# Your goal:
What is needed is a verbatim copy of the data, minus the pictures.
-------
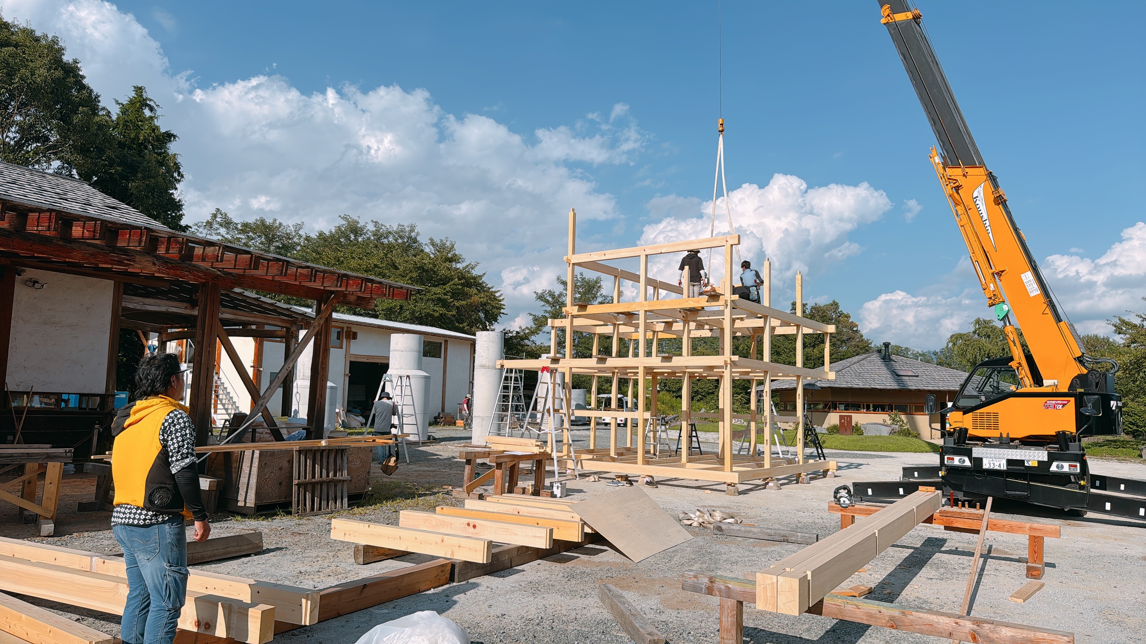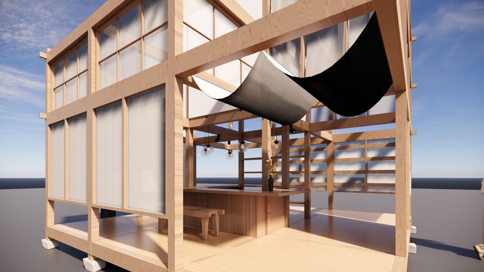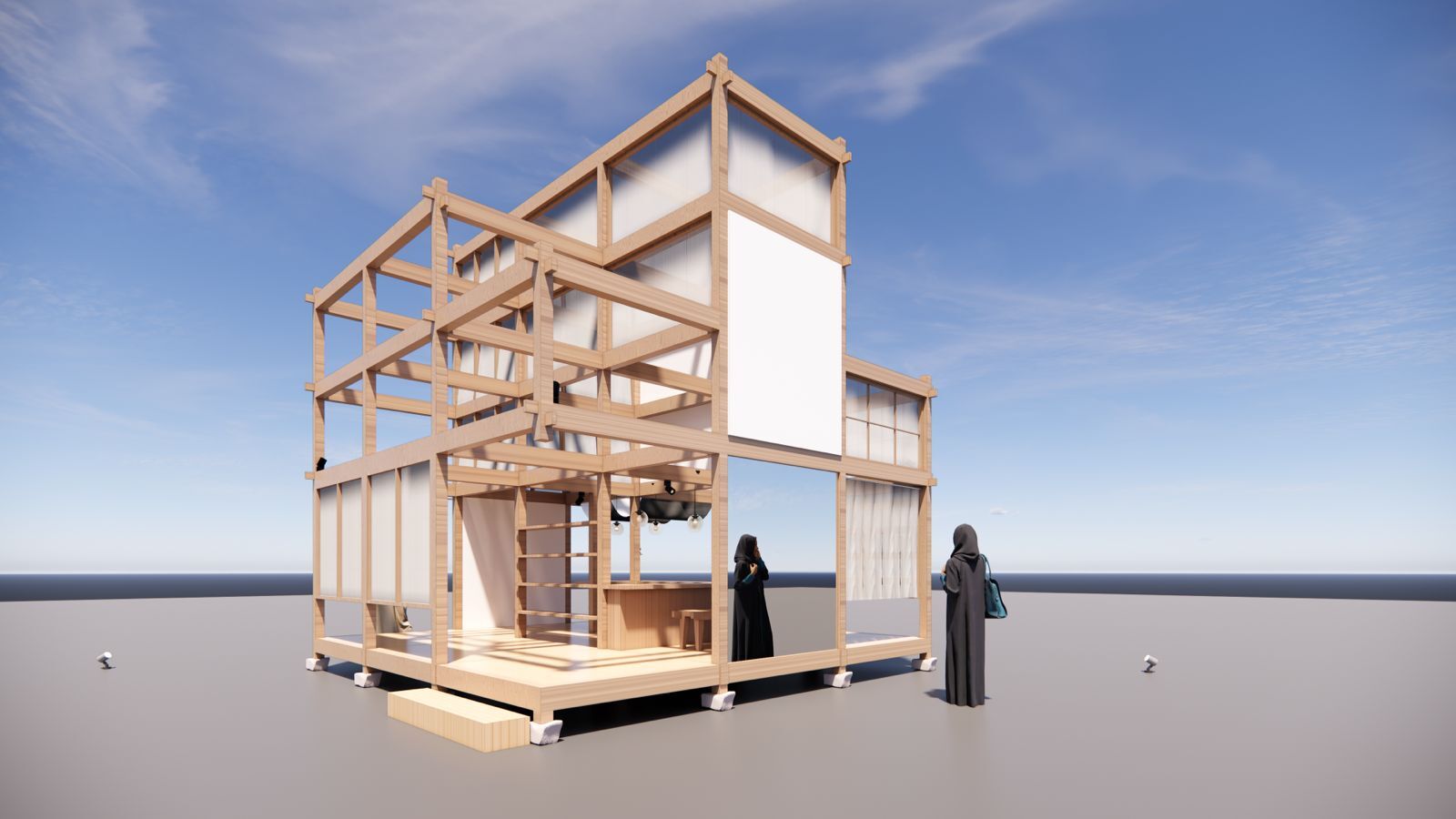 Built from a 5.6-meter cubic wooden framework, the structure was hand-crafted by SOBOKUYA's carpenters in Japan using traditional joinery techniques. After full-scale mock-up construction, it was shipped to Dubai and reassembled on-site by the same craftsmen -- embodying the precision, humility, and warmth of Japanese craftsmanship in an international setting.
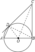 分析:(1)连接OD,要证明CD为圆O的切线,只要证明∠CDB=90°即可;
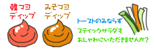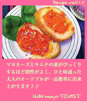 ☆韓mayoトースト (4人前) ■材料 ■材料(調味料) ・フランスパン・・・・・・・・・・・・・・1/2本 ・キムチの素・・・・・・・・・・・・・・・大さじ3 ・マヨネーズ・・・・・・・・・・・・・・・・大さじ4 ■作り方 ・1、フランスパンをお好みの厚さに切る。(食パンでも可) ・2、キムチの素とマヨネーズを混ぜ合わせ、カットしたフランスパンにお好みの量を たっぷりと塗ります。 ・3、トースターでこんがり焼き色が付くまで焼いて出来上がり。 ・キムチの素の赤だけでは見栄えも楽しくないな~と思うあなたにはこちらを! サンチュ味噌とマヨネーズをよく混ぜてもう一種のソースを作りましょう。 優しいオレンジのようなピーナツバターのような色の「みそマヨ」ディップ完成☆ |
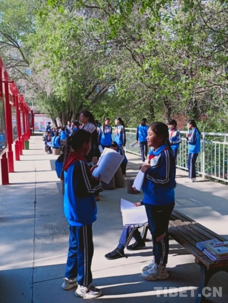圖為學(xué)生們?cè)谛@內(nèi)朗讀
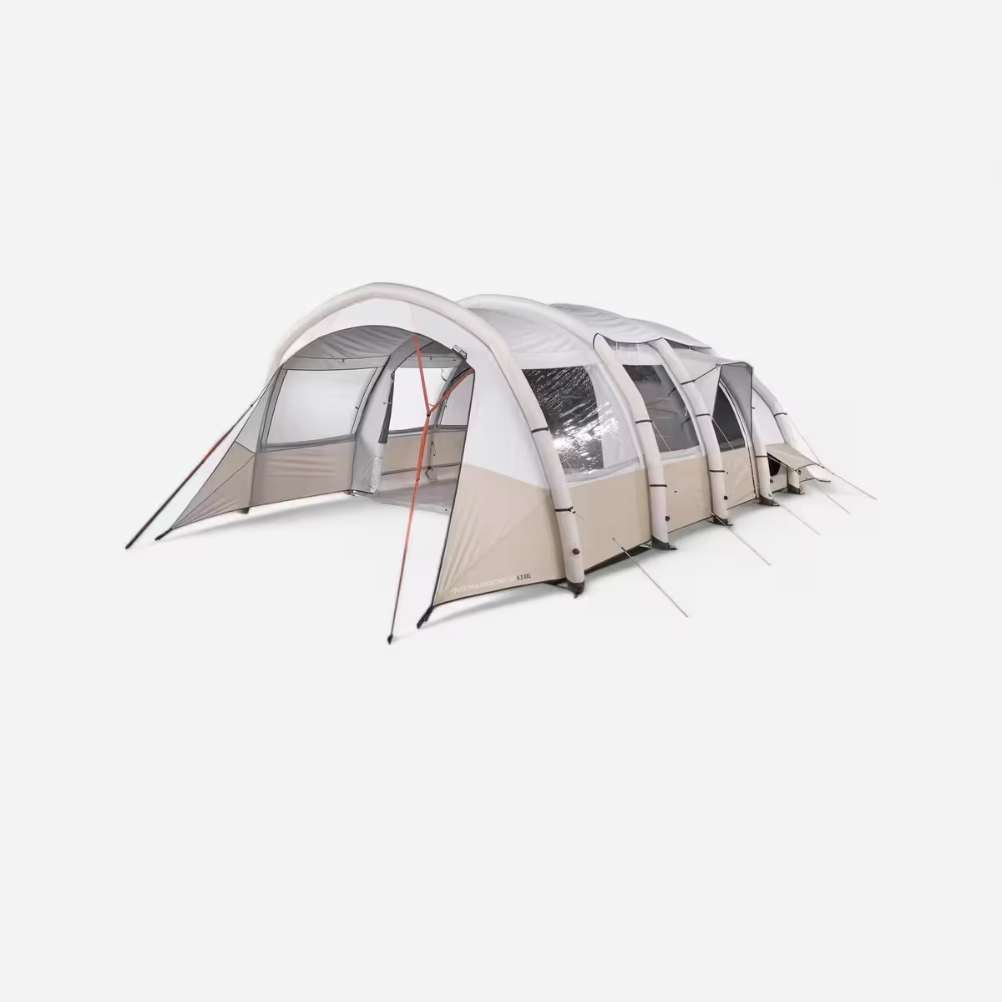 La tienda de campaña Quechua Airseconds 6.3 F&B es un producto diseñado para ser utilizado por un máximo de seis personas. Cuenta con una estructura de dos habitaciones separadas que permite la privacidad. La entrada se encuentra en el centro de la tienda, facilitando el acceso. La ventilación se logra mediante aberturas en las partes superiores, contribuyendo a la circulación del aire. La tienda incorpora un sistema de montaje rápido que permite un ensamble sencillo. Fabricada con materiales que ofrecen resistencia al agua y protección UV, la tienda está equipada con un suelo antifugas, lo que evita la entrada de humedad. Posee un peso que facilita su transporte, y se puede almacenar en un volumen compacto. Los accesorios que incluyen piquetas, cuerdas y una bolsa de transporte contribuyen a su uso práctico. Esta tienda de campaña se destina a actividades al aire libre, como camping y excursiones, y se propone como una solución para alojar múltiples usuarios en terrenos diversos.
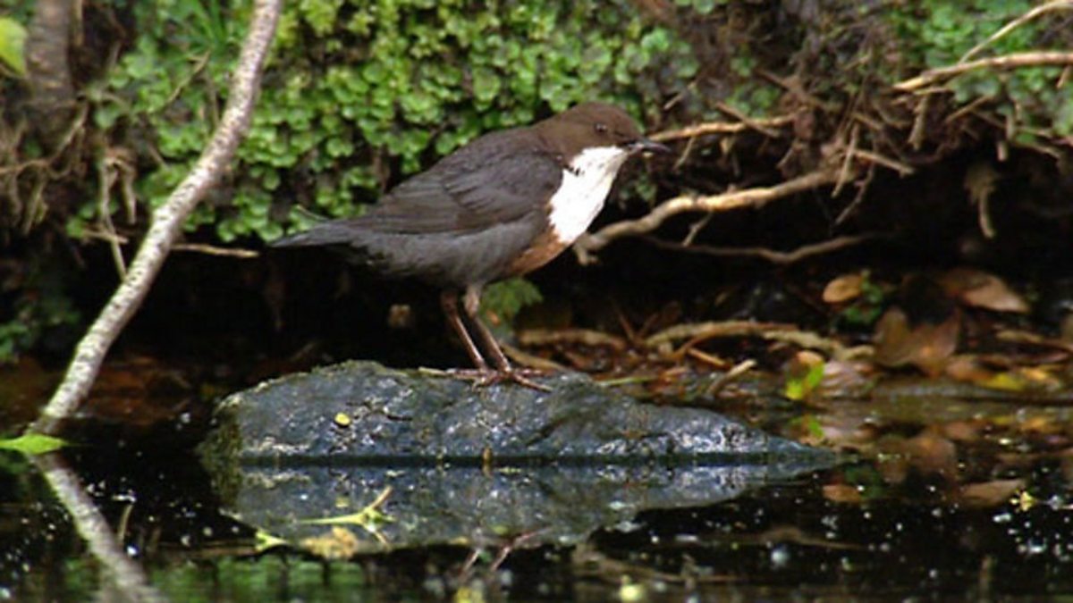 Simon King watches dippers in Wales. They are quite shy so not often seen. They feed on aquatic insects such as caddis fly larvae on the river bed – one of the few birds that can dive in this way. But these dippers have also been catching fish which is quite unusual. Simon looks at the types of insect life found in the river - all signs of clean water. Slow motion footage shows how these buoyant birds face into the water flow and dive underwater. The fact that the dippers are not immediately eating their prey, but flying off with it shows that they are nesting. How do dippers cram so many insects in their beaks without dropping them? They wedge them in the back of their mouth and probably hold them in with their tongue. Why do they dip? No one is quite sure, but perhaps it is to help navigate and spot fixed points in their field of view, or to help see into the water, or to advertise to other dippers. The clip ends with a montage put together by the Springwatch editors who think the dipper just has a very good sense of rhythm.
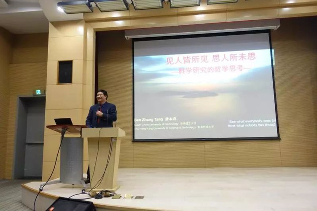 2019年11月9日下午,中国科学院院士、香港科技大学讲座教授、英国皇家化学会会士唐本忠教授应邀在江湾校区先进材料实验室一楼报告厅作题为“见人皆所见,思人所未思:科学研究的哲学思考”的精彩报告。来自熟女自慰 、先进材料实验室等院系的100余名师生参加了报告会。
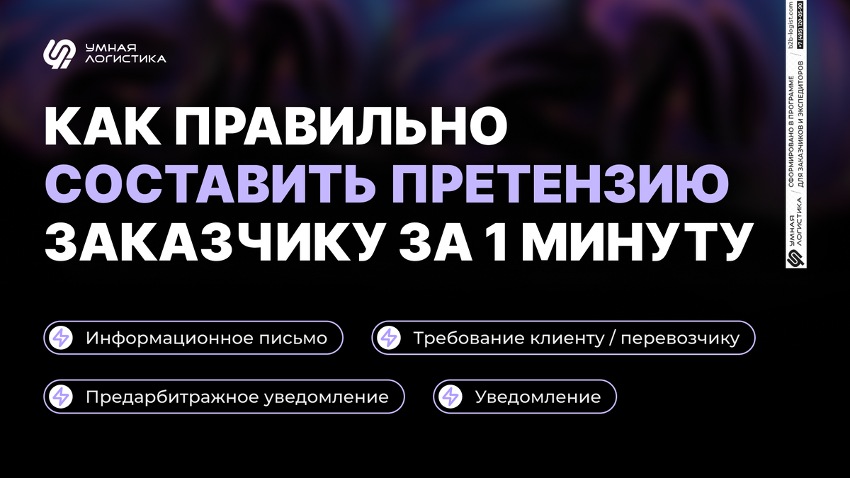 Открываем секрет: претензию реально составить без юриста и за 1 минуту. Рассказываем, как не тратить время и деньги на то, чтобы составить грамотную претензию, требование или предарбитражное уведомление заказчику. Когда нет единой системы, поиск нужных документов превращается в квест. Все разбросано по файлам и чатам — на сбор информации уходит больше времени, чем на возврат денег. Что больше всего вытягивает ресурсы: В Умной Логистике претензионная работа встроена прямо в систему. За пару кликов можно создать и отправить документ без ошибок и ожиданий юриста. Все в одном окне: от списка документов до печати файлов. 1. Претензия формируется автоматически Документ формируется по готовому юридическому шаблону. Данные подтягиваются автоматически — остается проверить и подтвердить. 2. Нужные файлы уже под рукой Программа сама подсказывает, какие заявки прикрепить. Не нужно искать их вручную или собирать по переписке. 3. Отправка и контроль документов в одном месте Документ можно распечатат
-------
# Response to the task:
 Built from a 5.6-meter cubic wooden framework, the structure was hand-crafted by SOBOKUYA's carpenters in Japan using traditional joinery techniques. After full-scale mock-up construction, it was shipped to Dubai and reassembled on-site by the same craftsmen -- embodying the precision, humility, and warmth of Japanese craftsmanship in an international setting.
 分析:(1)连接OD,要证明CD为圆O的切线,只要证明∠CDB=90°即可;
 ☆韓mayoトースト (4人前) ■材料 ■材料(調味料) ・フランスパン・・・・・・・・・・・・・・1/2本 ・キムチの素・・・・・・・・・・・・・・・大さじ3 ・マヨネーズ・・・・・・・・・・・・・・・・大さじ4 ■作り方 ・1、フランスパンをお好みの厚さに切る。(食パンでも可) ・2、キムチの素とマヨネーズを混ぜ合わせ、カットしたフランスパンにお好みの量を たっぷりと塗ります。 ・3、トースターでこんがり焼き色が付くまで焼いて出来上がり。 ・キムチの素の赤だけでは見栄えも楽しくないな~と思うあなたにはこちらを! サンチュ味噌とマヨネーズをよく混ぜてもう一種のソースを作りましょう。 優しいオレンジのようなピーナツバターのような色の「みそマヨ」ディップ完成☆ |
圖為學(xué)生們?cè)谛@內(nèi)朗讀
 La tienda de campaña Quechua Airseconds 6.3 F&B es un producto diseñado para ser utilizado por un máximo de seis personas. Cuenta con una estructura de dos habitaciones separadas que permite la privacidad. La entrada se encuentra en el centro de la tienda, facilitando el acceso. La ventilación se logra mediante aberturas en las partes superiores, contribuyendo a la circulación del aire. La tienda incorpora un sistema de montaje rápido que permite un ensamble sencillo. Fabricada con materiales que ofrecen resistencia al agua y protección UV, la tienda está equipada con un suelo antifugas, lo que evita la entrada de humedad. Posee un peso que facilita su transporte, y se puede almacenar en un volumen compacto. Los accesorios que incluyen piquetas, cuerdas y una bolsa de transporte contribuyen a su uso práctico. Esta tienda de campaña se destina a actividades al aire libre, como camping y excursiones, y se propone como una solución para alojar múltiples usuarios en terrenos diversos.
 Simon King watches dippers in Wales. They are quite shy so not often seen. They feed on aquatic insects such as caddis fly larvae on the river bed – one of the few birds that can dive in this way. But these dippers have also been catching fish which is quite unusual. Simon looks at the types of insect life found in the river - all signs of clean water. Slow motion footage shows how these buoyant birds face into the water flow and dive underwater. The fact that the dippers are not immediately eating their prey, but flying off with it shows that they are nesting. How do dippers cram so many insects in their beaks without dropping them? They wedge them in the back of their mouth and probably hold them in with their tongue. Why do they dip? No one is quite sure, but perhaps it is to help navigate and spot fixed points in their field of view, or to help see into the water, or to advertise to other dippers. The clip ends with a montage put together by the Springwatch editors who think the dipper just has a very good sense of rhythm.
 2019年11月9日下午,中国科学院院士、香港科技大学讲座教授、英国皇家化学会会士唐本忠教授应邀在江湾校区先进材料实验室一楼报告厅作题为“见人皆所见,思人所未思:科学研究的哲学思考”的精彩报告。来自熟女自慰 、先进材料实验室等院系的100余名师生参加了报告会。
 Открываем секрет: претензию реально составить без юриста и за 1 минуту. Рассказываем, как не тратить время и деньги на то, чтобы составить грамотную претензию, требование или предарбитражное уведомление заказчику. Когда нет единой системы, поиск нужных документов превращается в квест. Все разбросано по файлам и чатам — на сбор информации уходит больше времени, чем на возврат денег. Что больше всего вытягивает ресурсы: В Умной Логистике претензионная работа встроена прямо в систему. За пару кликов можно создать и отправить документ без ошибок и ожиданий юриста. Все в одном окне: от списка документов до печати файлов. 1. Претензия формируется автоматически Документ формируется по готовому юридическому шаблону. Данные подтягиваются автоматически — остается проверить и подтвердить. 2. Нужные файлы уже под рукой Программа сама подсказывает, какие заявки прикрепить. Не нужно искать их вручную или собирать по переписке. 3. Отправка и контроль документов в одном месте Документ можно распечатат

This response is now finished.